══ DATASET CONTENT

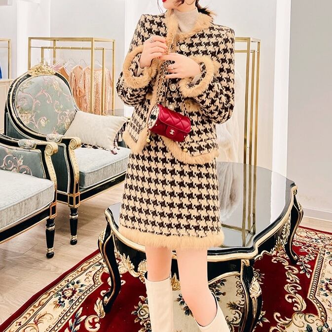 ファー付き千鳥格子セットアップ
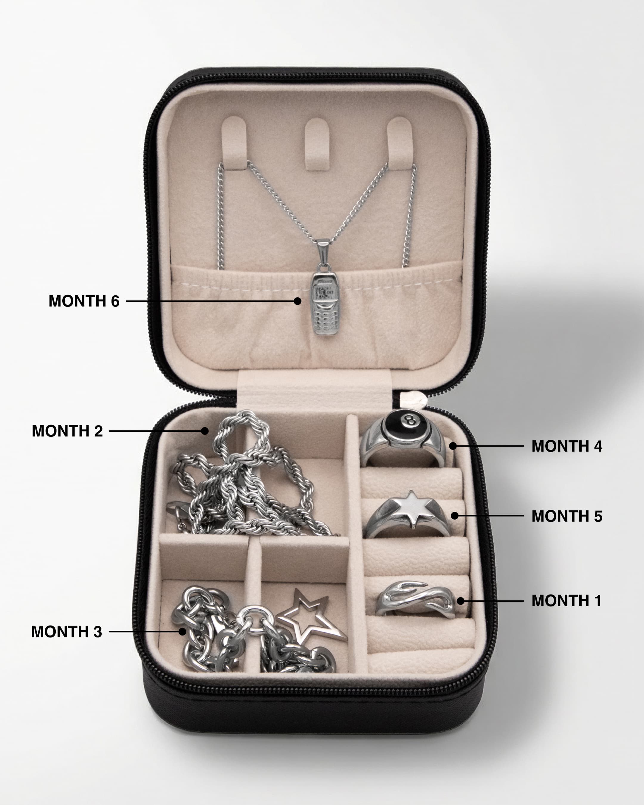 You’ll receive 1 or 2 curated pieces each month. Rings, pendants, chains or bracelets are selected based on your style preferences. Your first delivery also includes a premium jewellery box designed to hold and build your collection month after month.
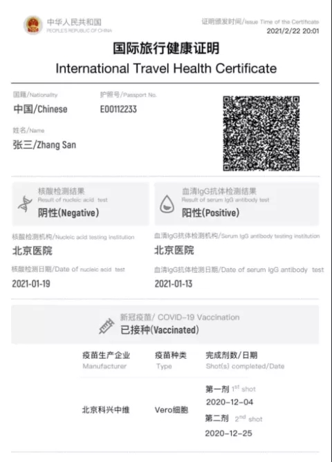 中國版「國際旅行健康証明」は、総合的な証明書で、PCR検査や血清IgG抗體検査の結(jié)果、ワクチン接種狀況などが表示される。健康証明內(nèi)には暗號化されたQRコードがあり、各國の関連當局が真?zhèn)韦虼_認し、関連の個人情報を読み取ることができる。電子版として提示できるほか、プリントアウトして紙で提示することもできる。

════

Take the listing above and retype it exactly. Its pictures are to be omitted.

 ファー付き千鳥格子セットアップ
 You’ll receive 1 or 2 curated pieces each month. Rings, pendants, chains or bracelets are selected based on your style preferences. Your first delivery also includes a premium jewellery box designed to hold and build your collection month after month.
 中國版「國際旅行健康証明」は、総合的な証明書で、PCR検査や血清IgG抗體検査の結(jié)果、ワクチン接種狀況などが表示される。健康証明內(nèi)には暗號化されたQRコードがあり、各國の関連當局が真?zhèn)韦虼_認し、関連の個人情報を読み取ることができる。電子版として提示できるほか、プリントアウトして紙で提示することもできる。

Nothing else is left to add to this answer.